First off, hello and welcome to the furnace. do you have a thermostat inside the trailer on the wall somewhere? Outside you would see a steel pipe with a plate over top with the word "HOT" stamped on it. That would be the furnace exhaust. It is possible that it doesn't have a furnace.


----------



## bobrussell

if it has a furnace, their will be vents in the floor or a large one near the furnace, also will be a return air vent (usually no filter like at home) and the furnace will be behind/below the return air vent. that return air vent should be the give away as to where it is.

it could have the heat strips in the a/c unit instead of a furnace i guess but usually the heat strips are just an add on.

our camper is a Keystone and the furnace is under the fridg, yours may or may not be. hope that is some help anyhow....


----------



## tater_51

Thanks! Yes it has floor vents and a wall mounted thermostat. I'll check for the return vent location. I just figured that there would be an access to lit a pilot or something. Thanks for all the help.


----------



## Skyhigh2194

tater_51 said:


> Thanks! Yes it has floor vents and a wall mounted thermostat. I'll check for the return vent location. I just figured that there would be an access to lit a pilot or something.
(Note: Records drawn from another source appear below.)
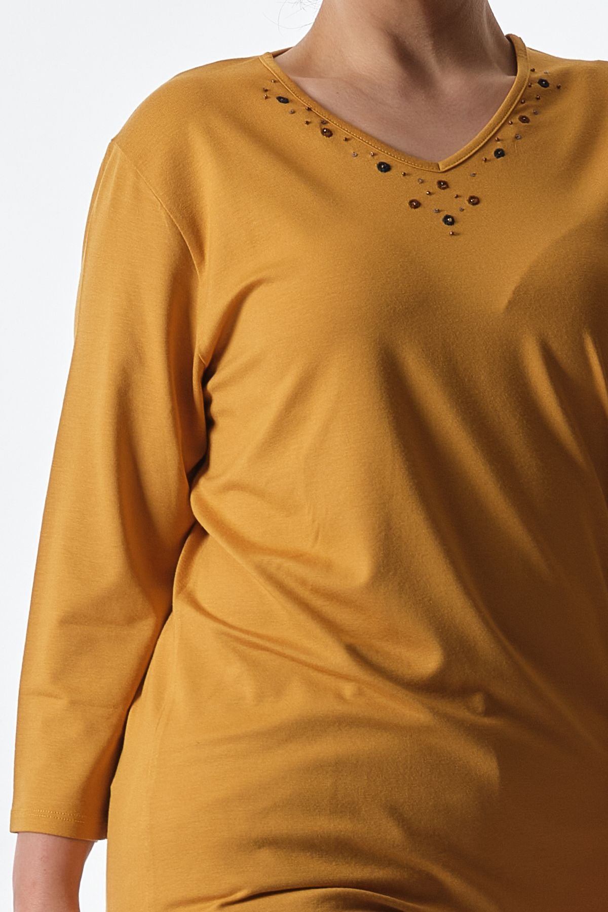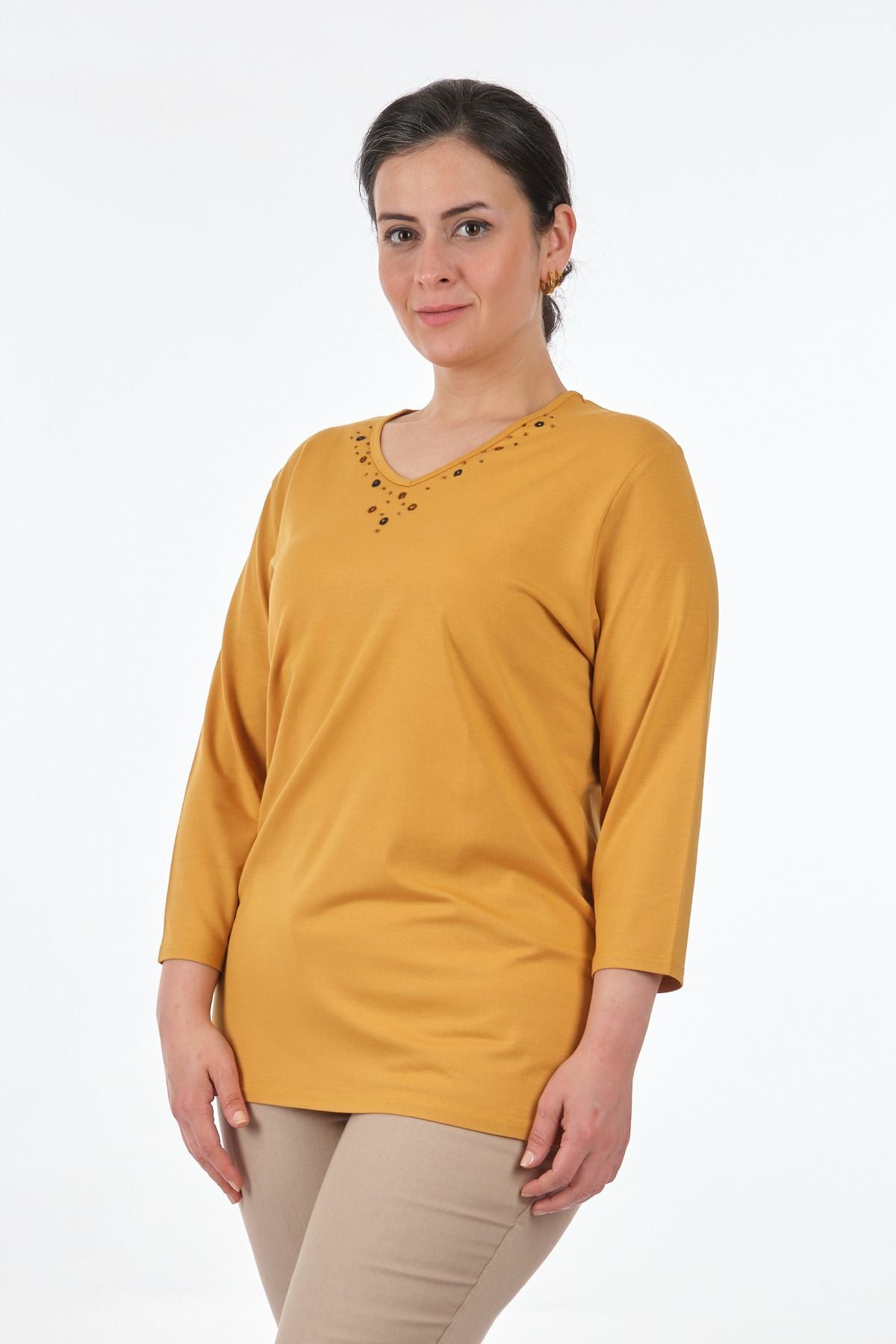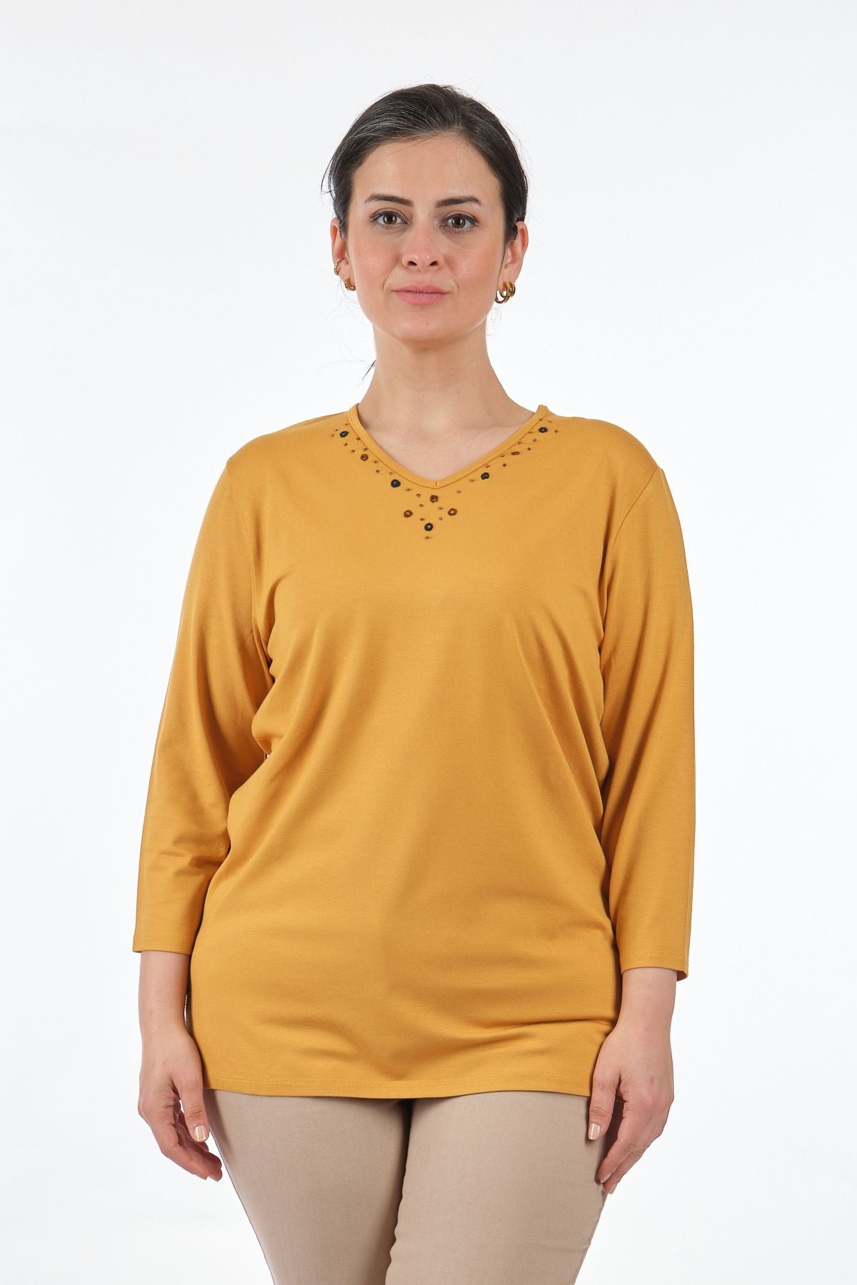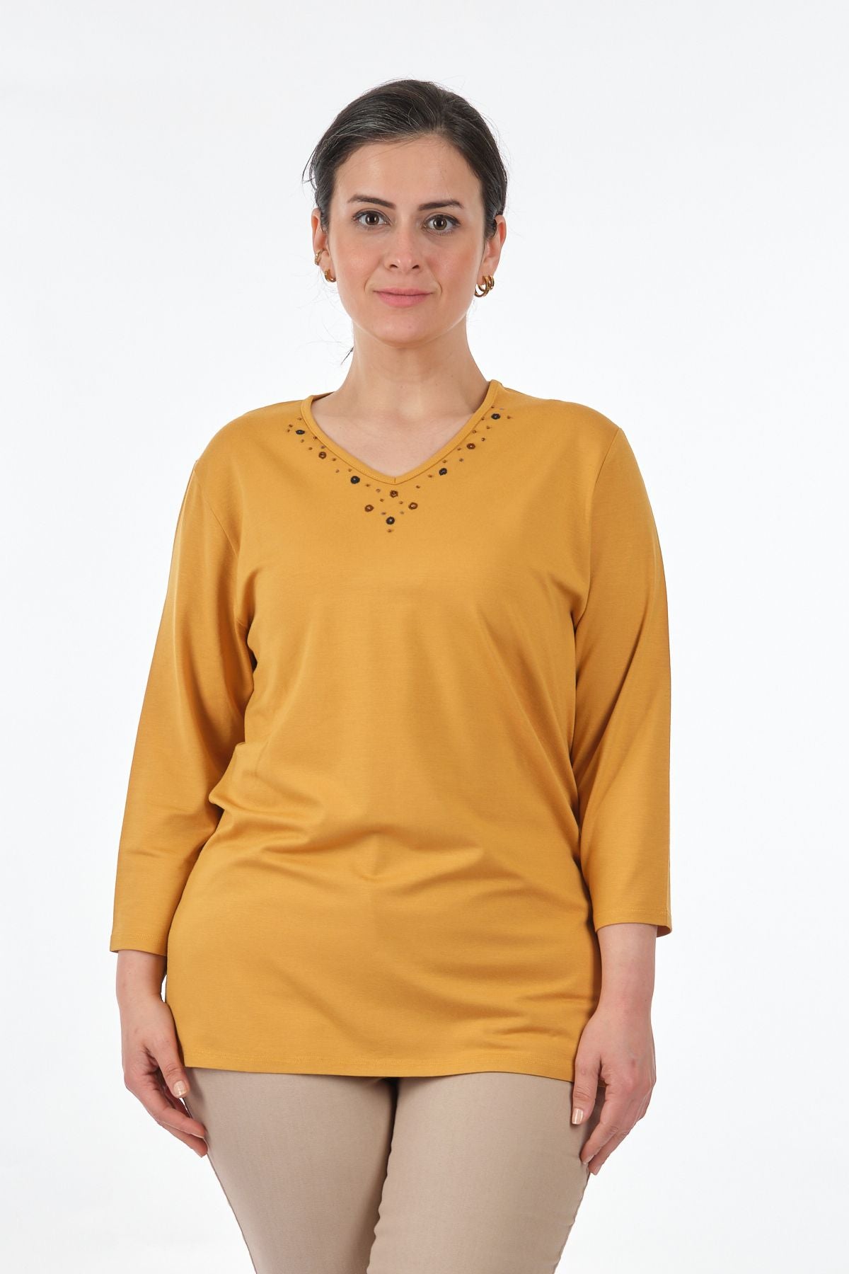 Menşei : Türkiye - Yerli Üretim Manken Ölçüsü: Boy:1.78 cm / Göğüs:86 cm / Bel:60 cm / Kalça:90 cm Modelimiz de ürünün en küçük bedeni giyilmiştir. Desen Bilgisi: Düz Renk Kalıp Bilgisi: Standart Kol Bilgisi: Truvakar Kol Materyal : %95 Viskon %5 Elastan Yaka Bilgisi: V Yaka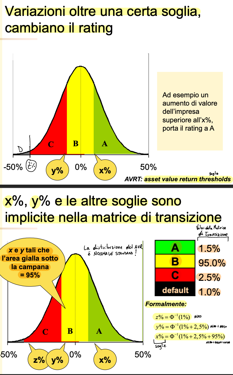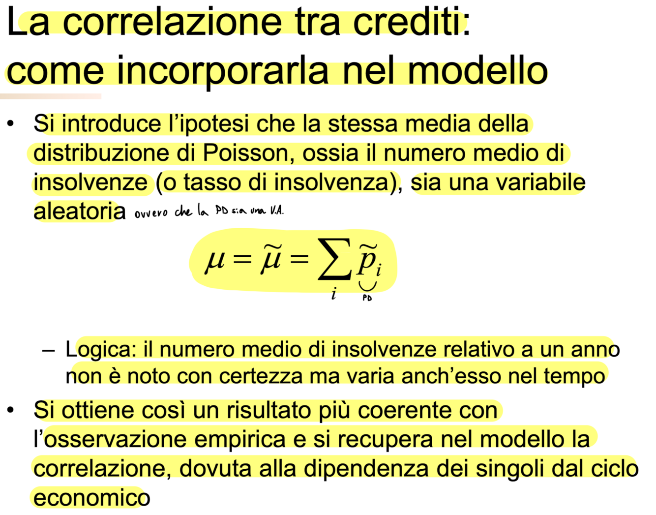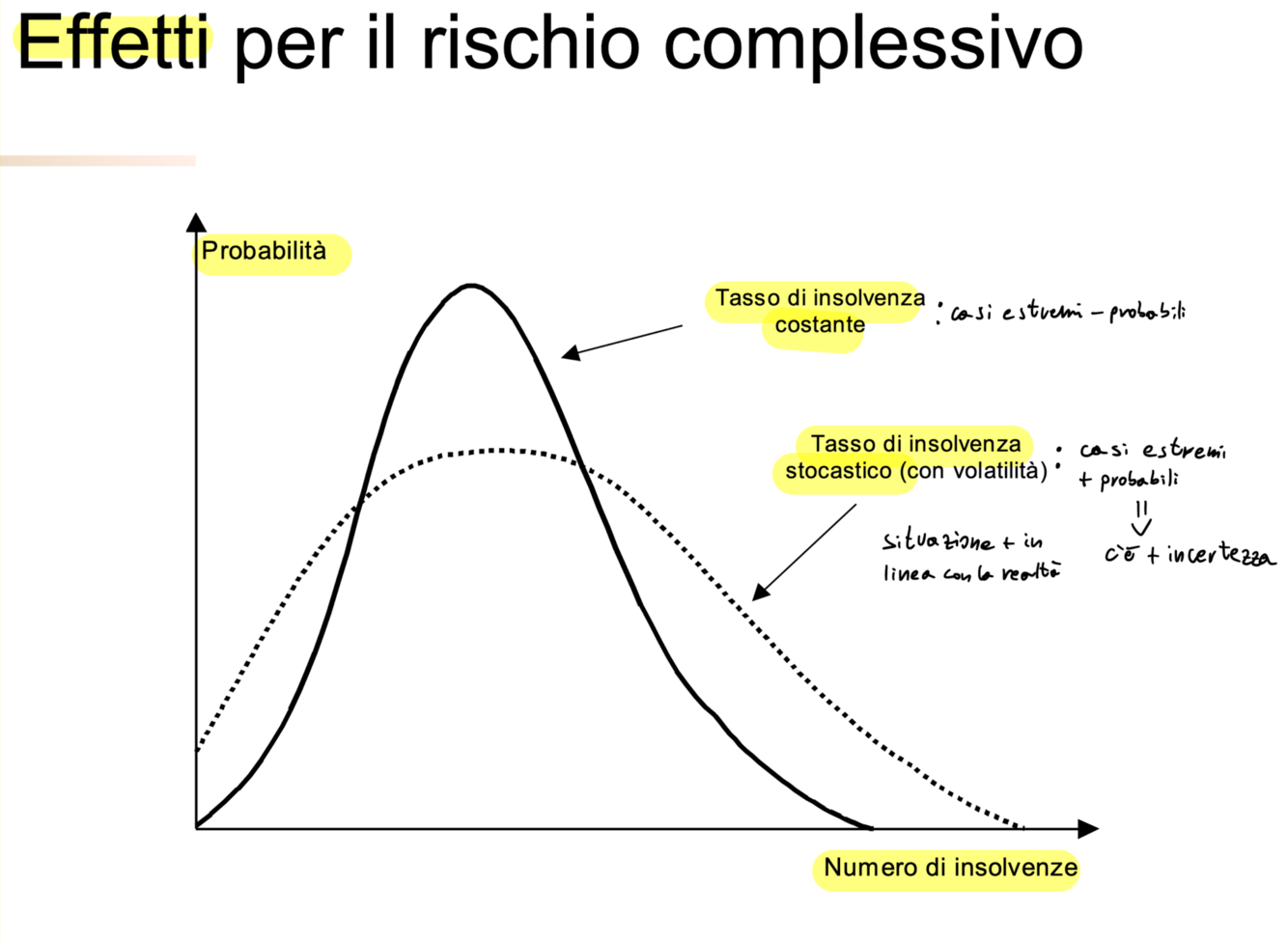 * Rispetto al caso in cui le probabilità di default sono note a priori (tasso di insolvenza costante) ora le fonti di rischio sono due: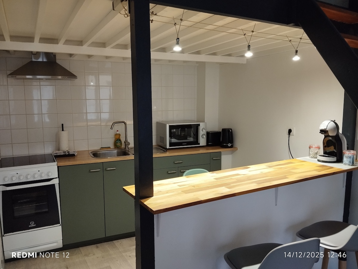 Студія площею 25 м2 на першому поверсі, в 10 хвилинах ходьби від центру міста та за 3 хвилини від берегів Сени. Це спокусить вас мезоніном. Він розташований за 17 хвилин від виставкового центру Rouen, в 25 хвилинах від Kindarena, в 16 хвилинах від Біотропіки. У кінці вулиці Place du Champ de Foire автобусна лінія F9 доставить вас до Руана. Безкоштовне паркування на вулиці на вулиці (не завжди), паркування в кінці вулиці, безкоштовне паркування.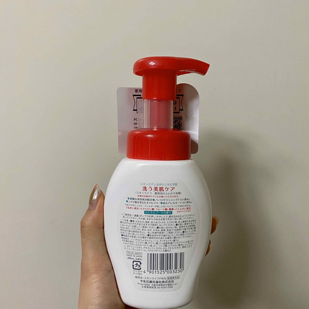 - ニキビ予防しながら美肌ケアができる牛乳石鹸のスキンケアシリーズ。ワンプッシュで簡単ふんわり泡。ニキビのもとや毛穴汚れをすっきり落とし、ニキビを予防して毛穴の目立たない赤ちゃん肌に。保湿成分として、ヒアルロン酸・ハトムギ(ヨクイニンエキス)・ツボクサエキス・酵素を配合。オイルフリー。ノンコメドジェニックテスト済み。シトラスブーケの香りです。医薬部外品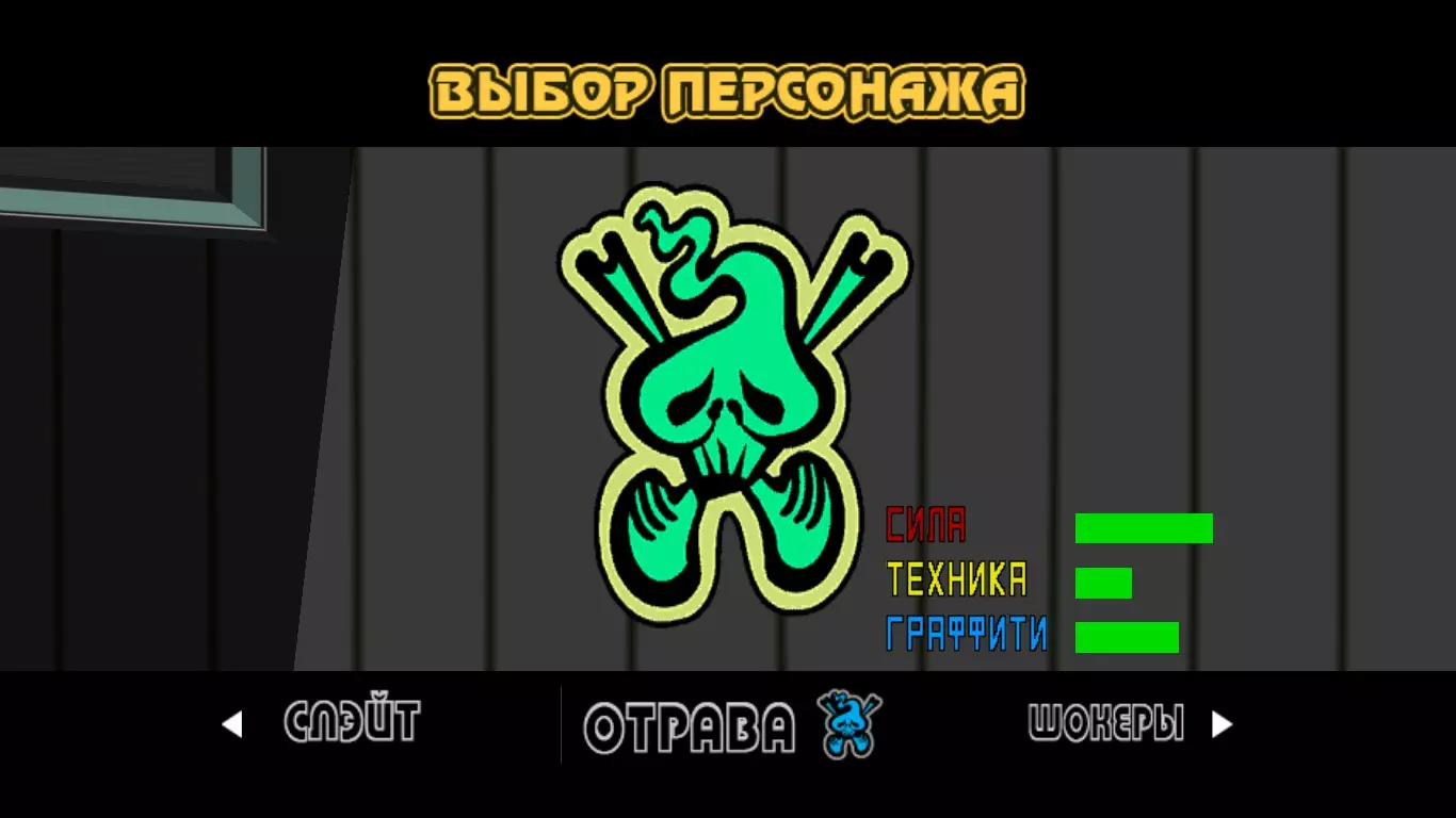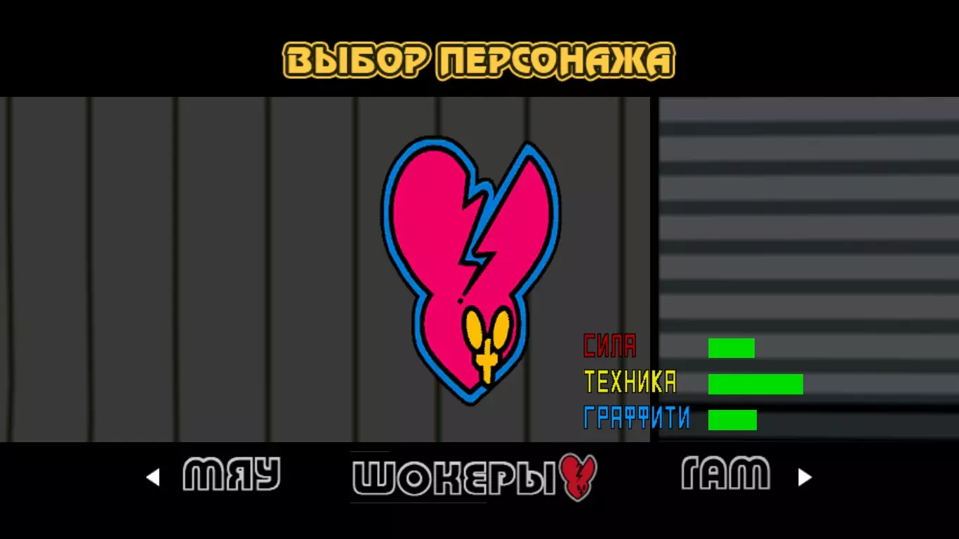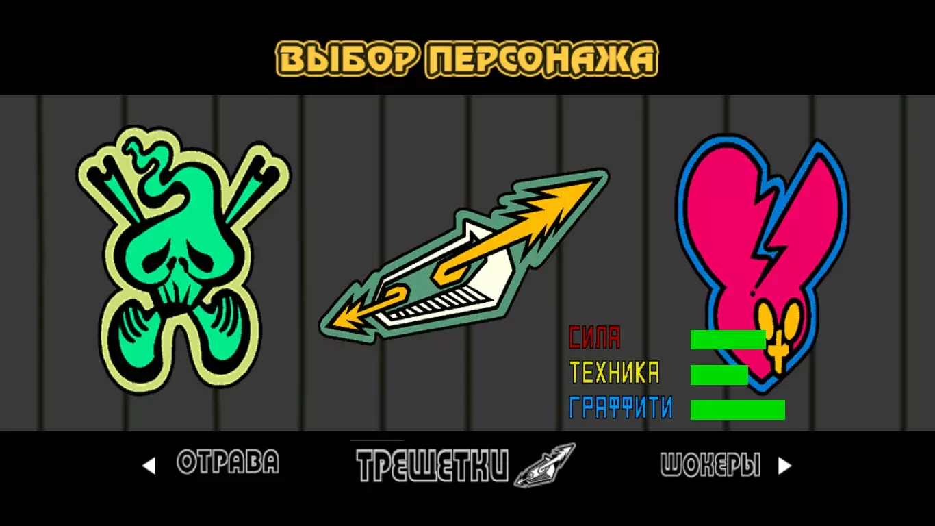 解锁所有角色。 游戏中共有15+1名角色。 比特、加姆和塔布从一开始就可使用。 加拉姆、喵和溜溜球在第一章发起挑战。 库博和康博在第二章出现。 皮兰尼亚和斯雷特在第三章发起挑战。 震击者、特雷谢特卡、毒药(+无面具)、豪治和波茨随着在“喷射”难度下通关游戏而解锁。详情如上所述。 King of the Street

Thanks for all the help.


 if you got any pointer please lmk man I'm in the same boat as you rn in a 1997 gulf stream ultra 6300 love it man just need some heat cold cold air blowing but no heat and I don't understand where the pilot for the furnaces or any of that's at


----------



## travis.farmer

Skyhigh2194 said:


> if you got any pointer please lmk man I'm in the same boat as you rn in a 1997 gulf stream ultra 6300 love it man just need some heat cold cold air blowing but no heat and I don't understand where the pilot for the furnaces or any of that's at


now, i am no expert, but thought i would chime-in on what i do know.
my furnace has no pilot, as it is electronic ignition. and being that mine is a 1989, and your is a 1997, i would suspect your is electronic as well. as long as there is LP-gas, and the furnace fuse is not blown, i don't see why it would not light by simply turning on the thermostat. i haven't tested my current one for function yet, but my first one would spin up the fan for a few seconds, wait a delay after the fan was up to speed, then i would hear the ticking of the igniter firing, the gas valve would turn on, and "WOOF", the furnace lights.
they are compact units, both of mine. roughly 24 inches wide, 18 inches deep, and 8 inches tall. they fit most anywhere. my first camper had it under the fridge, and my current has it under the couch.

they generally run off of 12V power, though in writing this, i have seen some campers with just a vent-free space heater...
so when you turn on the thermostat, do you hear the fan start? (may be a slight delay...)
if not, check fuses.
if so, wait a bit for the fans to run. there must be a draft before the furnace will light. the draft fan usually runs the blower fan as well.
if you hear ticking, then it is trying to light. if it fails to light, depending on the furnace, it will either shut down in error, or keep trying.
if it lights, great, you have heat! if not, maybe a LP gas valve is off somewhere.

they are not usually very complicated appliances.

Hope this helps in some way. 

~Travis


----------



## crawford

while traves is right check the propane feeding it some have a black box mounted some need there is a fuse inside check it also.


----------